I'd love to talk about this album and its place in musical history - it happened at a curious time, just after grunge but before the popular music scene splintered into rap-metal and teen-pop and mall-punk and some equally horrible faux-genres. The album also received plenty of hype from the British press, and was well received here in the states as well. Maybe it was the hangover from Kurt Cobain's death and Pearl Jam sort of falling out of the public eye, gangsta rap being a little too dangerous for the entire nation to accept, and the media's consequent search for a new musical messiah that led Oasis to be so big for a couple years. At least until it became apparent that the Gallagher brothers were a couple dysfunctional drunks. Consequently this album is sort of frozen in a period of time where a lot of music junkies weren't sure where their next fix was coming from.

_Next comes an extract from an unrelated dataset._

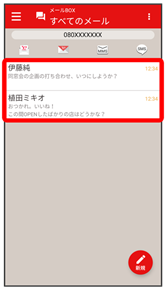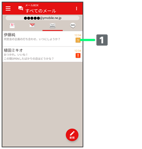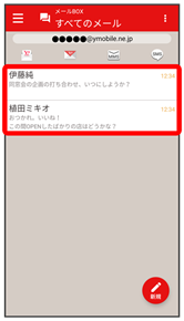 - 相手を限定せずに、迷惑メール以外の受信したすべてのメールを確認するときは、すべてのメールをタップします。

But history aside, this is a marvelous rock album. The singer, whichever Gallagher it was (I hope not the fruit-smasher [sorry]) has a good rock voice, plenty of range and just raspy enough to hold an edge. The guitar is good, and this band manages to incorporate strings - strings! - into the music without having them make any songs overly cute or cloying. The album really has a good balance of laid-back songs with loud rock tracks; I wouldn't call any of it 'metal' but the guitar, sounding like the Edge if he was younger and slightly ragged, runs the show here. The songs, you probably know a few of them by heart, are sequenced marvelously. "Wonderwall" is great, I personally like "Some Might Say" and "Morning Glory". And, of course, "Champagne Supernova" is just about the best way to close an album short of "A Day in the Life" that I could imagine.
Maybe Oasis didn't turn out to be the new Beatles, but for a while there, in the mid-90's, they really had us all worked up. Lightning in a bottle, I guess.
In other news:
There's a baby crying somewhere in the hall, the sun is here if only for now, and I could use a week of Saturdays.